In my clinic two weeks ago I saw a young patient more than 2 years down the line since the accident who required significant bone transport for his femoral bone defect. Needles to say there were many problems, expected and unexpected. But we got it done. Now the leg is equal length, regenerate bone is growing and improving in strength and all fractures including docking site are in my opinion healed. As a part of his claim he saw his independent orthopaedic expert who told him that the fractures are not even united (despite the fact that he is walking around with relatively low level of symptoms), that he will need very likely an amputation and knee replacement. From a certain point of view those two procedures should exclude each other unless he referred to the broken tibia on the same leg, which was last time X-rayed a year ago showing in my opinion united fracture of the tibia.
At this point the patient (young man in his twenties with young family) was confused, if I describe his condition very loosely. In fact he was out of his mind as that was not something he expected, particularly not after me telling him for the last 2 years that everything is going according to the plan. He was certainly not sure any more who to believe as such strong statements from “expert witness” were supposed to be true. At least that what anyone would expect.

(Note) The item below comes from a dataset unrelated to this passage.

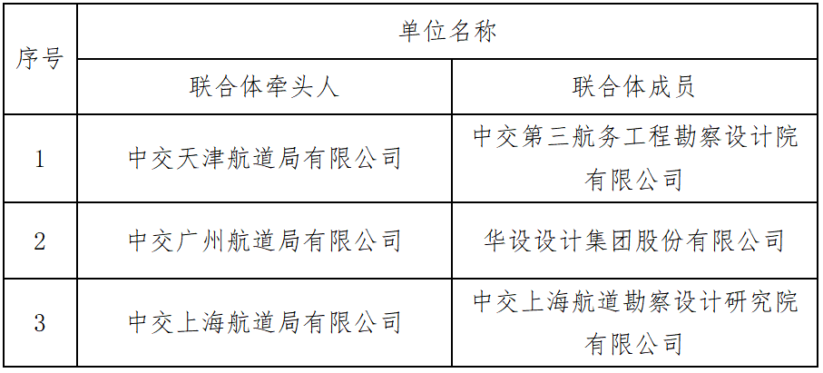 根據《濱海港區挖入式港池清理改造工程設計施工總承包BHGC-EPC標段招標文件》評標辦法,經評標委員會評審,以下單位入圍定標候選人:

It took me more than half an hour to convince him that everything is still as I told him before and that the “expert witness” was probably trying to err on the safe side saying what are the actual possible outcomes (this is not what we see in day to day practice in limb reconstructions). But this is exactly what I would expect from an expert witness with experience in general orthopaedic trauma. Unfortunately there is significant difference in those two specialities and bringing conclusions from general orthopaedic trauma into limb reconstructions is not correct. In fact it cannot be further apart from the truth. Comments like that are not helpful even if they are used in the best interest, they are still affecting patients destroying the trust between treating limb reconstruction surgeon and patient. And this is very likely the worst thing to do. If there is no trust on both sides in these long term treatments you have nothing. If the claims are made just to increase the claimants chances for a successful claim this is in my opinion at least not professional.
Unfortunately this is not an isolated case from my practice. It feels that it is for instructing solicitors to decide who to instruct for what injuries.